Viajé a mi pueblo para tomar algunas fotografías y, al verlo, recordé una escena de Cinema Paradiso, una película italiana. La escena es la siguiente: “En una sala de cine, se proyecta una película desde una cabina que se extiende hacia la pantalla a través de la boca de un león de mármol ubicado en la pared. Cuando el niño se asoma por encima de su asiento para mirar asombrado la gigantesca cabeza que escupe películas, el león de mármol ruge.”
La imaginación del niño confluye con la realidad; quizá eso me pasaba con los relatos de mi madre. Al encontrarme de nuevo con Simón después de tanto tiempo, me encuentro a un Simón de paso lento; ya no es el Robinson Crusoe atrevido de las historias contadas en casa.

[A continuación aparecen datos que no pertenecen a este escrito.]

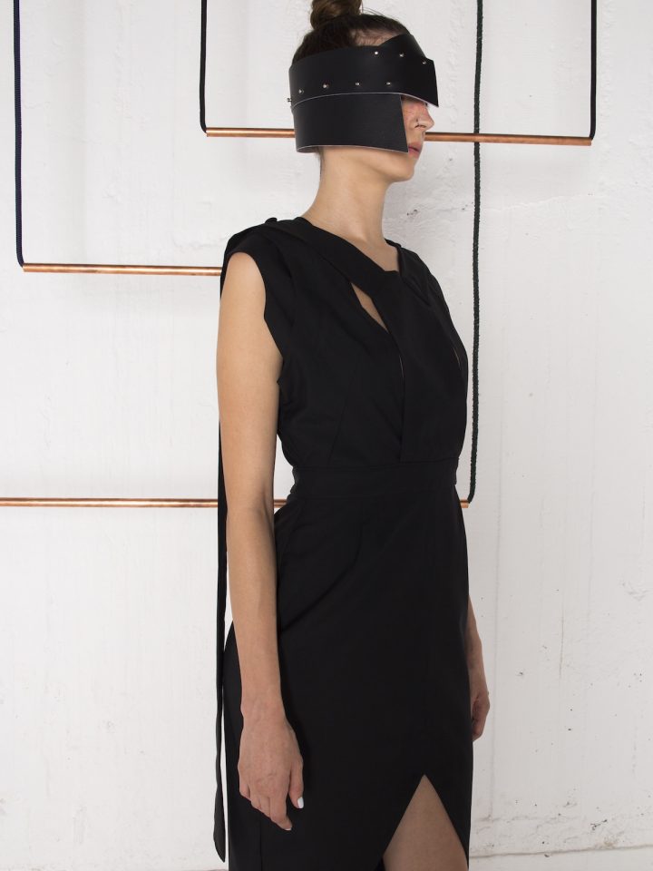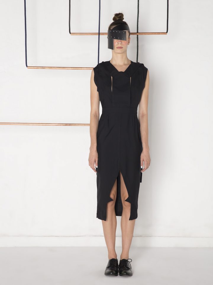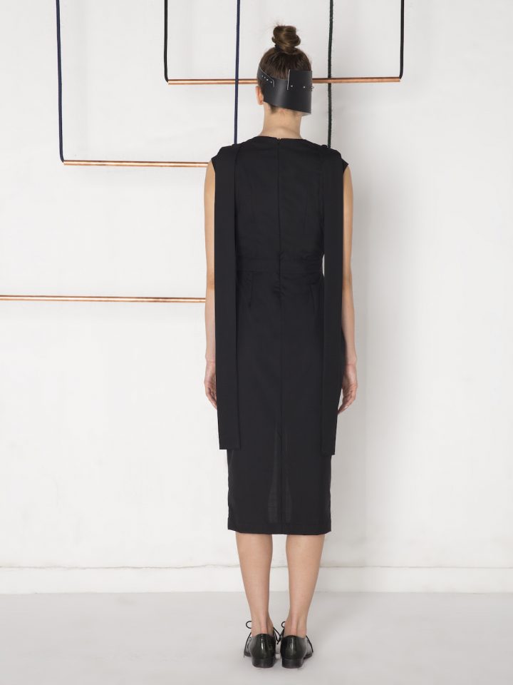 Black cool wool dress. Cool wool is a Mid-weight, Non-stretchy fabric. 80% Cool Wool, 20% Dacron. Front vent. Panel at front. Concealed zip at back. Button fastnings at shoulders. Sleeveless. French seams. Cut for a slim fit. Dry clean. Model is 180cm and is wearing a size M

Al llegar, mi madre promete contarme la última historia de Simón. Yo, un hombre de 32 años, mientras ella calienta mis pies con sus manos y cubre mi pecho del frío, me dice: “A eso de las 4 de la tarde, cuando los últimos rayos del sol se esconden tras las pocas casas de bahareque que quedan en nuestro pueblo, es frecuente encontrar a un viejo Simón susurrar la primera canción que escuchó en su vida.”
«Cuando yo ya me vaya, cuando ya estés solita
Si de veras me quieres, recuérdame, recuérdame
Se muy bien que me quieres, sabes bien que te quiero
Y por eso te digo, recuérdame, recuérdame, no te olvides de mí.»